Le danger qu'encourt la région
L'urgence dont parle à présent Christopher Ross devant le Conseil de sécurité et sans concession de langage, tient à la tragédie de la région du Sahel et aux dangereuses retombées géopolitiques qu'elle implique. Il a sérieusement tiré la sonnette d'alarme et averti que « laisser le conflit du Sahara s'envenimer est une option risquée car la région est menacée par des éléments extrémistes, terroristes et criminels opérant au Sahel voisin ». Pas d'ambiguïté dans le propos, mais plutôt une nécessaire prise de conscience suggérée. Depuis longtemps déjà, le Maroc ne cesse d'attirer l'attention sur le danger qu'encourt la région sahélo-saharienne transformée en une « zone grise » où prospèrent toutes sortes d'activités illicites : trafic de drogue à grande échelle, trafic d'armes, trafics humains. Depuis longtemps aussi, les principaux prestataires de ce nouveau commerce du crime ont été désignés, complices éprouvés : le Polisario et Al Qaïda. Le Sahel est devenu le terreau du terrorisme, qui échappe à tout contrôle, notamment du gouvernement algérien. Le risque est grand de son extension à toute la région et le nord du Mali en illustre la caricature.

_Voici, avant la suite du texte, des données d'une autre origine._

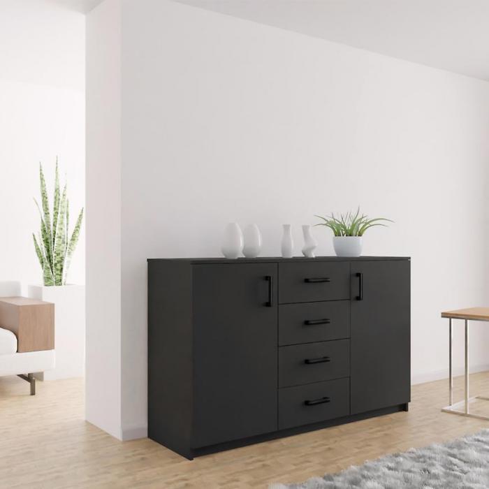 Doskonałym wyborem do pokoju dziennego będzie komoda w kolorze czarnym. Komoda Bahli to niezbędny mebel w każdym domu. Praktyczna dzięki szafkom i szufladom zadowoli każdego użytkownika. Czarny kolor sprawia, że będzie pasowała do nowoczesnych wnętrz jak również do tych urządzonych w stylu industrialnym. Idealny mebel do salonu, sypialni, pokoju dziennego lub innych pomieszczeń.To wygodne miejsce do przechowywania mniejszych i większych rzeczy. Meble do samodzielnego montażu.
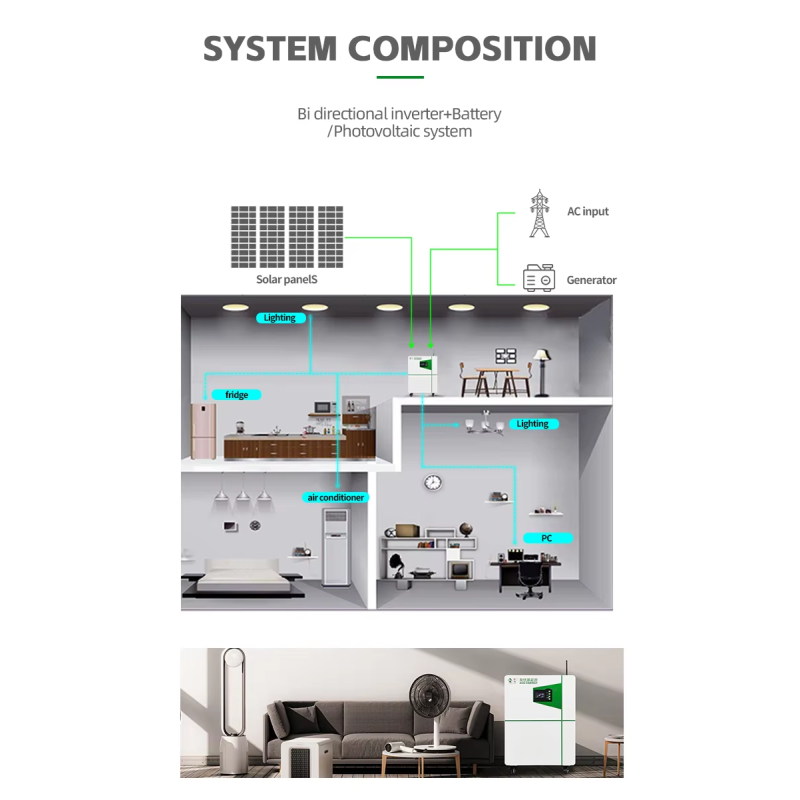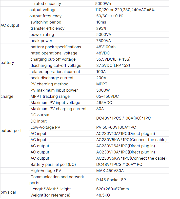 Solar BESS and Inverter All in One 48V 100Ah with MPPT and Wifi Function for Home or Outdoor and Power EV

Que Christopher Ross en tire l'évidente conclusion et en avertisse les membres du Conseil de sécurité , ainsi que la communauté mondiale, constitue un pas décisif dans l'appréhension nouvelle du problème du Sahara. Autrement dit, logiquement, inexorablement la tentation du séparatisme et des micro-Etats est suicidaire pour la cohésion des pays de la région, parce qu'elle procèderait de leur désintégration et favoriserait le terrorisme et la déstabilisation si crainte et dénoncée par la communauté mondiale. Il n'est que de voir la tentation de séparatisme rampante des Catalans en Espagne pour mesurer le danger qui menace désormais les grands Etats qui se sont laissés fourvoyer par un tel tropisme. Avec de tels éléments nouveaux, Christopher Ross a fait un plaidoyer « pro domo » afin d'accélérer le rythme des négociations directes, politiques donc, seule alternative pour sortir le dossier de l'impasse. Il a réussi à convaincre les membres du Conseil de sécurité et toutes les parties intéressées par la recherche d'une solution au conflit. A coup sûr, l'argumentaire de Christopher Ross pour mettre en œuvre une nouvelle méthode et relancer les négociations, n'aura pas suscité la joie des responsables algériens qui jouent sur la confusion extrême dans cette affaire.